Japanese Study Proved Streaming Promotes SalesAdded: Friday, February 11th, 2011
Category: Bit Torrent Freedom > The Right To Share
Tags:ET, p2p, Torrent, Piracy, Peer To Peer, Network, Hackers, Internet, BitTorrent, Google, utorrent, bitcomet, extratorrent, 2010, www.extrattorrent.com
There have been lots of debates over the statistics related to illegal file-sharing and its impact on the industry, but the basic questions about the issue usually have nothing to do with what has happened, but rather with what might have happened. This means that the real question is how many and which purchases didn’t happen due to the existence of free alternatives, and how much would the industry lose if the pirate networks hadn’t made sharing that easy. Nonetheless, these questions will never be answered with full confidence.
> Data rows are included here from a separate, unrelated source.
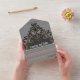Luxe et romance. Un cadre d'or noir, argenté et astucieusement dessiné, orné de délicates décorations en fibre. Ces détails affectueux donnent au design une touche opulente et enveloppent le spectateur d'un sentiment d'anticipation festive. Dans ce cadre magique, une femme se dévoile dans une robe mariage étonnante. Le design dégage une atmosphère d'exclusivité et de chaleur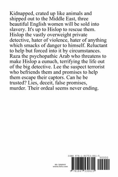 Kidnapped, crated up like animals and shipped out to the Middle East, three beautiful English women will be sold into slavery. It's up to Hislop to rescue them. Hislop the vastly overweight private detective, hater of violence, hater of anything which smacks of danger to himself. Reluctant to help but forced into it by circumstances. Raza the psychopathic Arab who threatens to make Hislop a eunuch, terrifying the life out of the big detective. Lee the suspect terrorist who befriends them and promises to help them escape their captors. Can he be trusted? Lies, deceit, false promises, murder. Their ordeal seems never ending.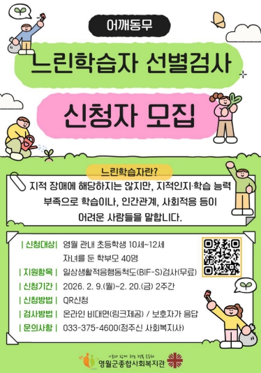 [파이낸셜경제=조성환 기자] 영월군종합사회복지관은 학습과 일상생활에서 어려움을 겪는 아동을 조기에 발견하고 적절한 지원 방향을 모색하기 위해 느린학습자 선별검사 신청자를 모집한다고 밝혔다.

However, the researchers go on conducting new studies of the issue, including investigation of its potential effects. The most recent study has been conducted in Japan over the Japanese TV animation programs. The researchers from The Research Institute of Economy, Trade and Industry in Tokyo has examined what effect the streaming of programs on YouTube and its Japanese fellow called Winny had on sales and rentals of the content, and finally came to some tentative conclusions.
The results of the study that involved 105 anime episodes revealed that Youtube viewing had no negative effect on DVD rentals, while even having a positive effect on sales on the first place. As for file-sharing, it did have negative effect on DVD rentals, but never affected DVD sales. In other words, online streaming is proved to be a promotion tool for DVD sales.
The results of the research could be a clear statement in favor of developing distribution channels to get rid of prosecuting file-sharers, but as it usually happens with any study related to piracy, there were too many other questions to be so sure. First of all, we can’t know if the trend seen in the case of anime is true to other industries. It’s unknown whether the anime fans act in a same way as general TV and movie fans. Similarly, we don’t know if Japanese fans act just like American or European ones. The study also doesn’t specify whether it refers to specific kinds of anime only or could be applied to animation in general. The main question of how this kind of illegal downloading affects music and movies also doesn’t have a direct answer.
Actually, it seems like regardless of how rigorous and scientific any study related to piracy may be, the entertainment industry will always get far more questions ready instead of changing its outdated business model right away.